* Exercise description *
Every line from the one with "在县三八岗警亭,县委书记、县" to the end of the listing below must be printed exactly, with no other text and no pictures.

* Information supplied *
· · · · ·

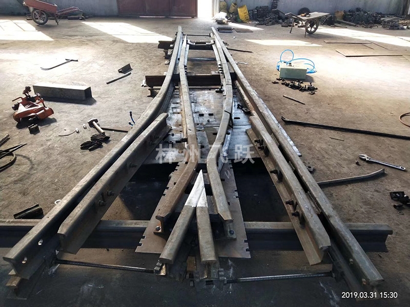 固定型轍叉一般為直線型,也有導曲線部分進入轍叉的形式。這樣轍叉號數不變,可加大導曲線半徑。既有線改造大量采用可動心軌轍叉,主要用于速度較高的區段。此外,也有與固定型轍叉跟距相同的可動心軌轍叉,固定型轍叉的護軌平面多為折線型。
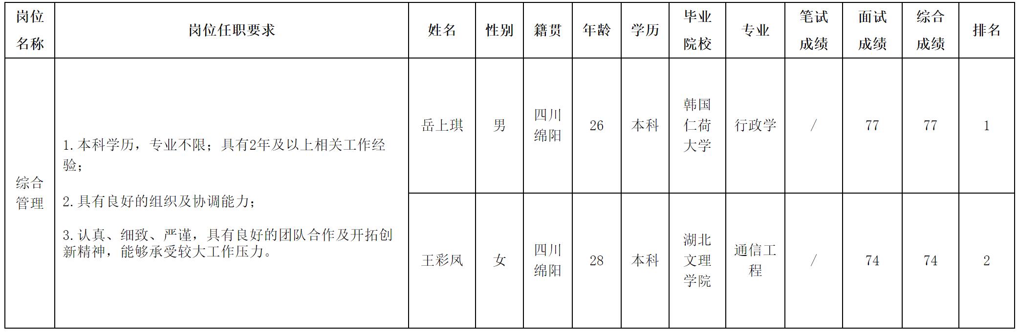 根据四川华丰科技股份有限公司发布的招聘公告及招聘相关规定,经面试等程序,现将测试成绩予以公示。
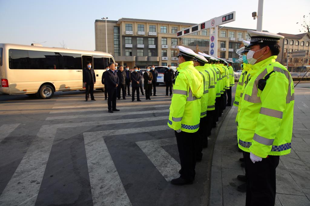 在县三八岗警亭,县委书记、县长陈忠,县领导郑进武、刘艳菊一行向广大交警致以节日的问候,对大家一年来的辛勤工作和默默付出表示肯定。陈忠说,交警工作很辛苦,春节期间仍然坚守一线,为保证广大群众的出行安全,不能与家人团聚,希望大家在春节期间继续发扬连续作战、不怕辛劳的作风,尽职尽责,全力保障道路交通安全畅通。
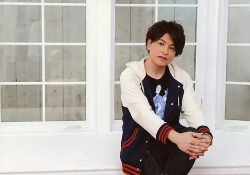 Official photo (male) / Voice actor Hikaru Midorikawa / Horizontal, Above the Knees, Costume White, Black, Red, Sitting, Both Hands / Voice Actor Event "King's Jungle 80 th Round" Bromide

· · · · ·

* Written reply *
 在县三八岗警亭,县委书记、县长陈忠,县领导郑进武、刘艳菊一行向广大交警致以节日的问候,对大家一年来的辛勤工作和默默付出表示肯定。陈忠说,交警工作很辛苦,春节期间仍然坚守一线,为保证广大群众的出行安全,不能与家人团聚,希望大家在春节期间继续发扬连续作战、不怕辛劳的作风,尽职尽责,全力保障道路交通安全畅通。
 Official photo (male) / Voice actor Hikaru Midorikawa / Horizontal, Above the Knees, Costume White, Black, Red, Sitting, Both Hands / Voice Actor Event "King's Jungle 80 th Round" Bromide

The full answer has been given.